Automated Data preservation
The correct email archiving service for the financial industry automates data capture based on industry regulations, laws and an enterprise’s data protection policies. Besides increasing productivity, automatic archiving using journaling reduces the scope of human errors in data preservation initiatives. Since this process ingests a copy of all transacted emails in real-time, it is agnostic to what happens to the emails after delivery to the users’ mailboxes. In other words, the financial services institute is assured of a 100% capture of all emails, thus improving compliance confidence, and delivering peace of mind. Related: Building data resiliency for the financial services organizations
Secure from Interference
Enterprises can experience the benefits of a robust security system that protects their critical data by choosing cloud-based email archiving meant for the financial industry. Cloud-native solutions like Vaultastic leverage the shared security model of public clouds like AWS to deliver robust security “OF” the cloud and “IN” the cloud. Security OF the cloud includes all infrastructure elements like compute, storage, network, and more. And security IN the cloud includes security controls deployed at various layers of the stack, including strong encryption, role-based access, WAFs, and many more controls. This multi-layered security makes the solution bulletproof, and the 256-bit encryption makes the data useless even if it gets into a hacker’s hands. Thus, the archived data is immutable, tamper-proof, and highly durable during its stay in the cloud.
Advanced eDiscovery for Quick Access
Time is of the essence during audits conducted by regulatory authorities. Modern data archiving solutions enable immediate access to the indexed data with advanced ediscovery tools.
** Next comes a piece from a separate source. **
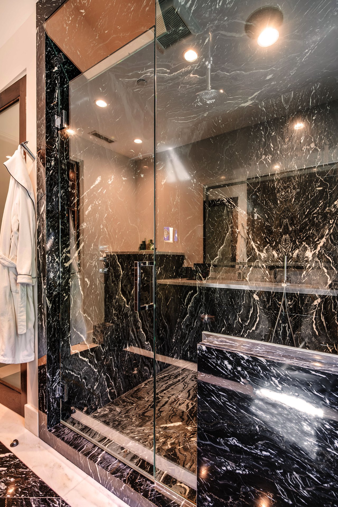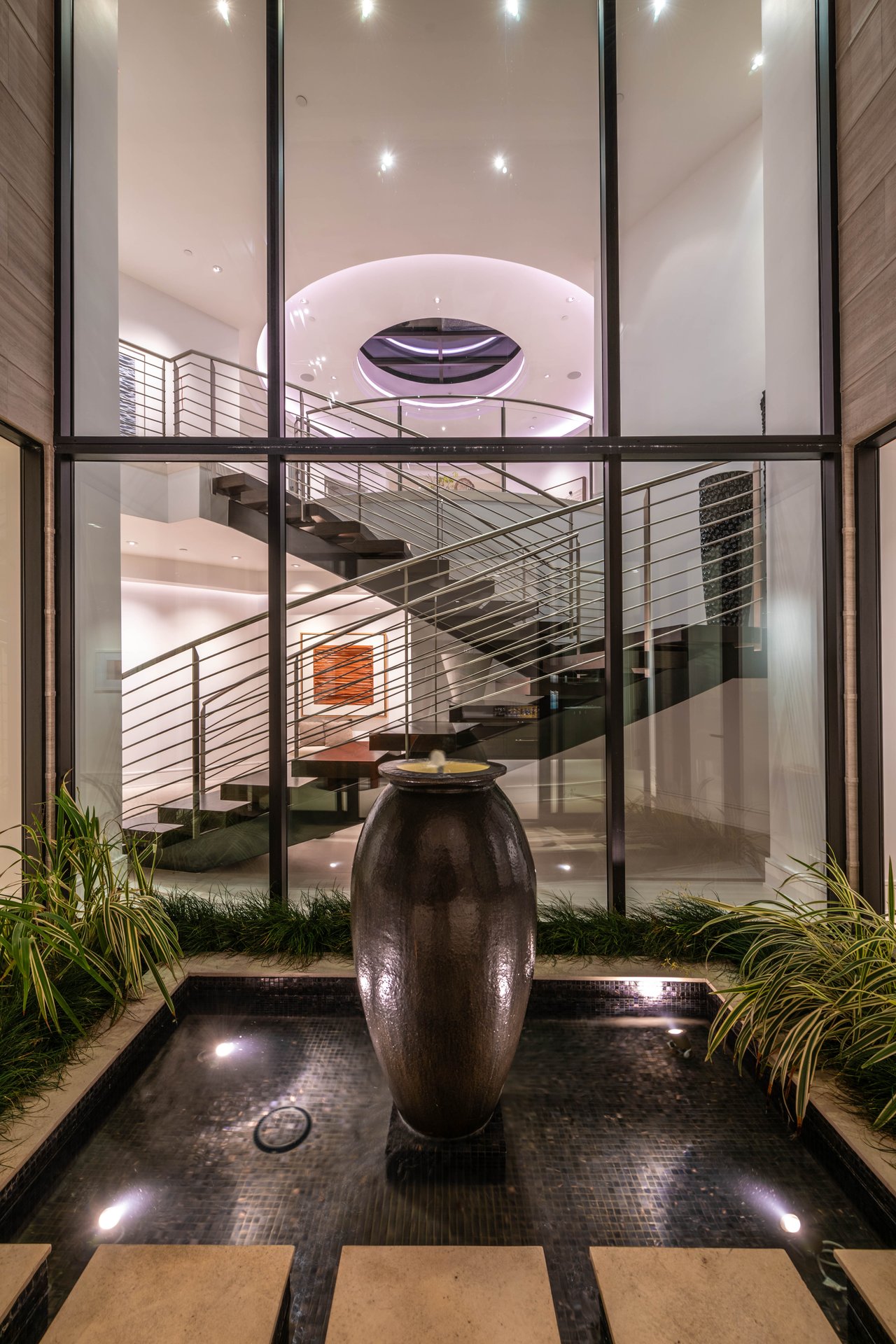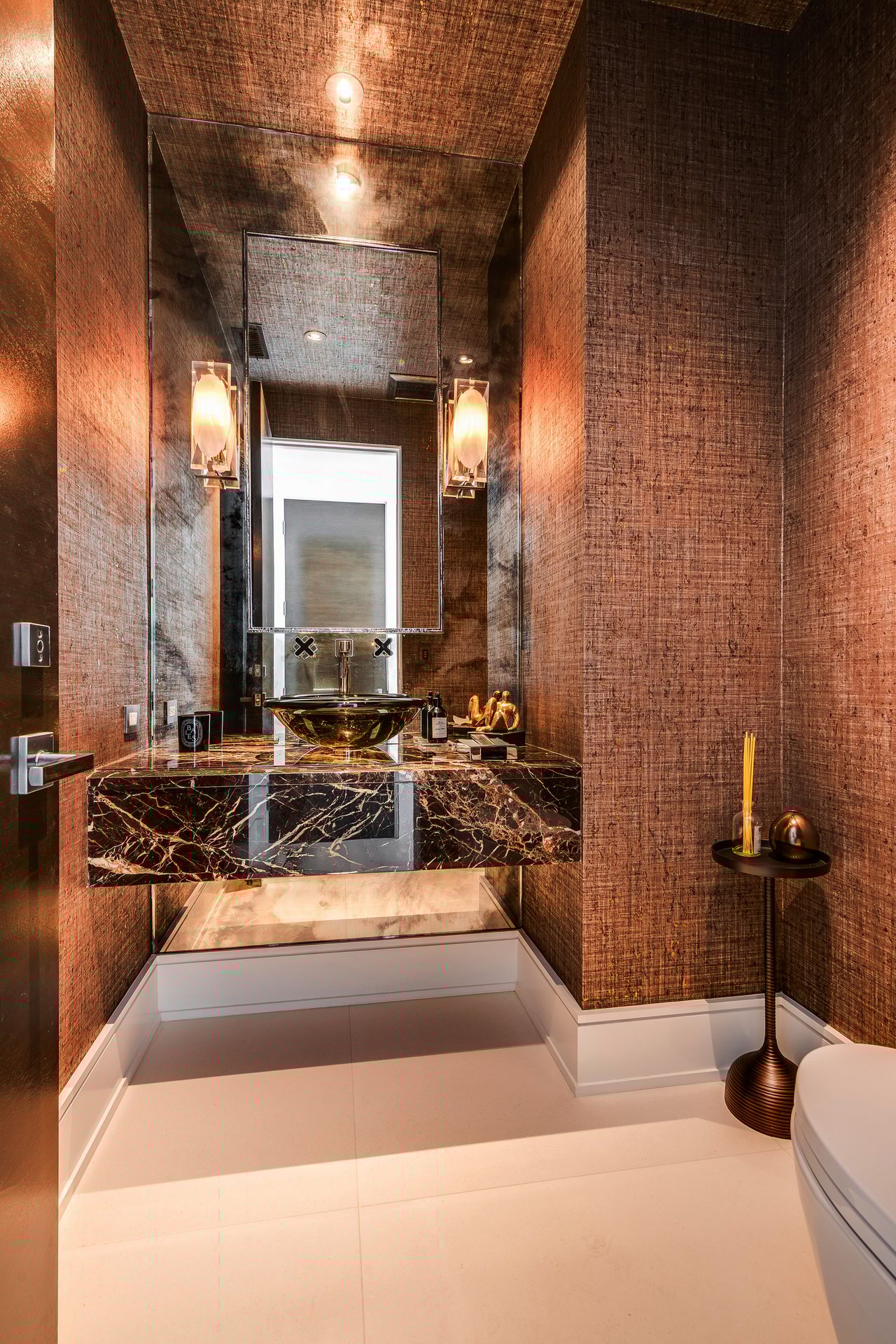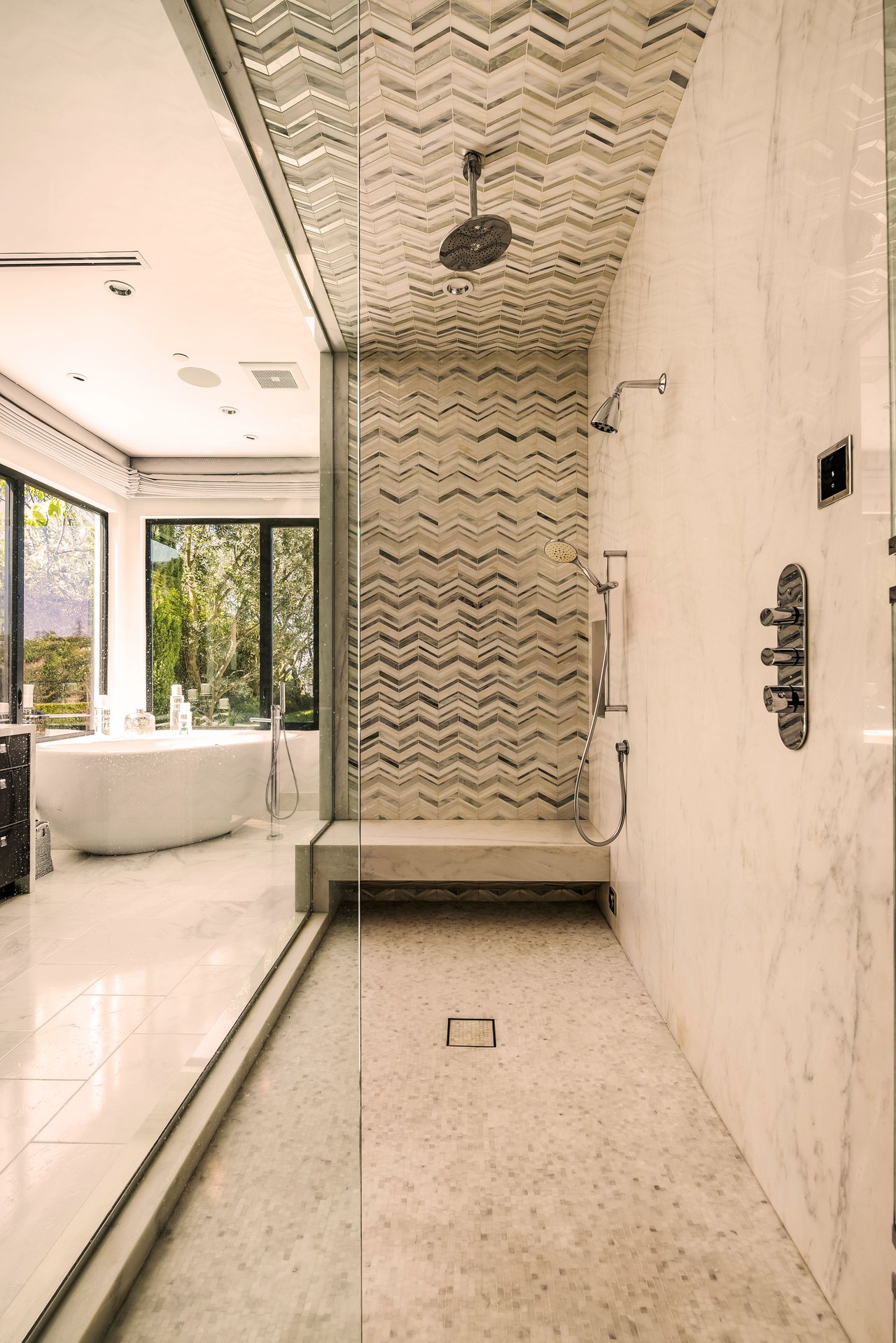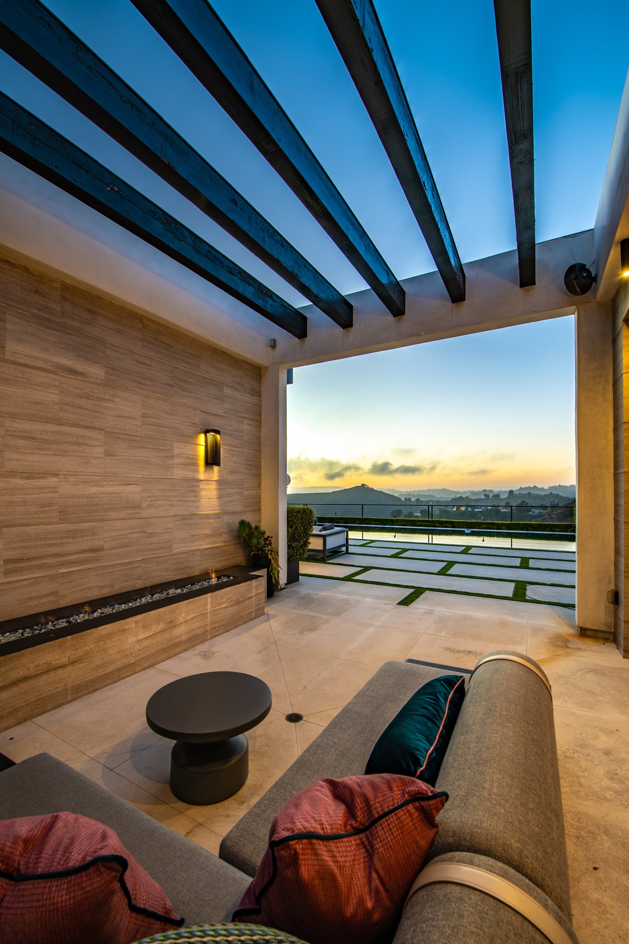 Nestled in the heart of the legendary Trousdale Estates of Beverly Hills, 565 Evelyn Place is a custom-built modern architectural triumph that fuses precision craftsmanship with warm livability. Completed in 2017, this residence was envisioned as a statement of timeless contemporary design sculpted lines, dramatic volumes, and a seamless indoor-outdoor flow that celebrates the Southern California lifestyle. From the moment you approach, the home commands attention. Expansive glass openings frame serene water features, while the landscape unfolds in a series of intimate gardens and gathering spaces. Inside, natural light pours through open volumes, highlighting a sophisticated materials palette of walnut, limestone, and custom Italian marbles. A state-of-the-art lighting program offers pre-set ambient scenes, while Conrad electric shades provide effortless privacy and control.At the center of the home is a breathtaking Poggenpohl kitchen, clad in rare Borghini Carrara marble and meticulously outfitted for both passionate cooks and professional entertaining. Two Miele dishwashers, three integrated refrigerators, a full 60-inch range with steamer oven, a built-in coffee system, and three sinks allow for seamless culinary preparation. A discreet butler's pantry and a fully equipped second kitchen downstairs support large-scale entertaining while preserving the kitchen's sculptural elegance. Every living space has been designed for both intimacy and spectacle. The home features three dramatic wet bars with ice makers, a library wrapped in hand-painted wallpaper and custom walnut millwork, and a series of lounges anchored by bespoke fireplaces some leathered marble, others sculpted from specialty stone. The floor plan opens effortlessly to lush gardens and resort-inspired outdoor living, where a full kitchen with BBQ, stovetop, and ice maker joins a fireplace, integrated heaters, and tranquil fountains. A separate courtside stone entertaining area invites long, sunlit afternoons and evenings under the stars. The primary suite is a private sanctuary, featuring walnut floors, dual steam showers, heated bathroom floors, and exquisitely detailed Italian marble baths. Thoughtful luxuries such as a dedicated suite refrigerator elevate comfort to the highest level. Throughout the home, technology quietly enhances everyday living with Crestron whole-house control of lighting, climate, sound, and security. Additional comforts include a central vacuum system, a private elevator, and a five-car garage finished with the same level of detail as the living spaces. A custom-designed gym completes the experience, while water features and curated landscaping lend a sense of tranquility and escape. Every detail of 565 Evelyn Place reflects a passion for design and an uncompromising standard of craftsmanship. This is more than a home, it is a modern estate built for those who value artistry, innovation, and the enduring prestige of one of Beverly Hills' most sought-after enclaves.

Powerful search tools that can scan the preserved data across any period with complex query formations find relevant results in seconds and minutes rather than hours and weeks, thus saving valuable time. Saving queries for reuse add to the productivity boost. New-age email archiving solutions for the financial industry also support boolean query constructs to help narrow search results to the exact requirement. Responding rapidly to audit queries indicates to the auditors that your data management systems are technically advanced, organized, and in adherence with the regulatory guidelines – adds brownie points for your brand image.
Business Continuity
Imagine that the email system is out of order or inaccessible and business communication has come to a halt. Such downtimes can cost a financial or banking enterprise dearly. Each year, IT downtime costs enterprises a staggering revenue loss of $26.5 billion. Worse still is the loss of reputation. A robust email archiving solution with self-service and in-built disaster recovery can help restore communication operations in minutes. Users can view all their emails using self-service access, continue to respond to earlier emails, and even send out new ones. These email transactions maintain the primary brand and email domain, ensuring no change in how the recipients receive or perceive the communications.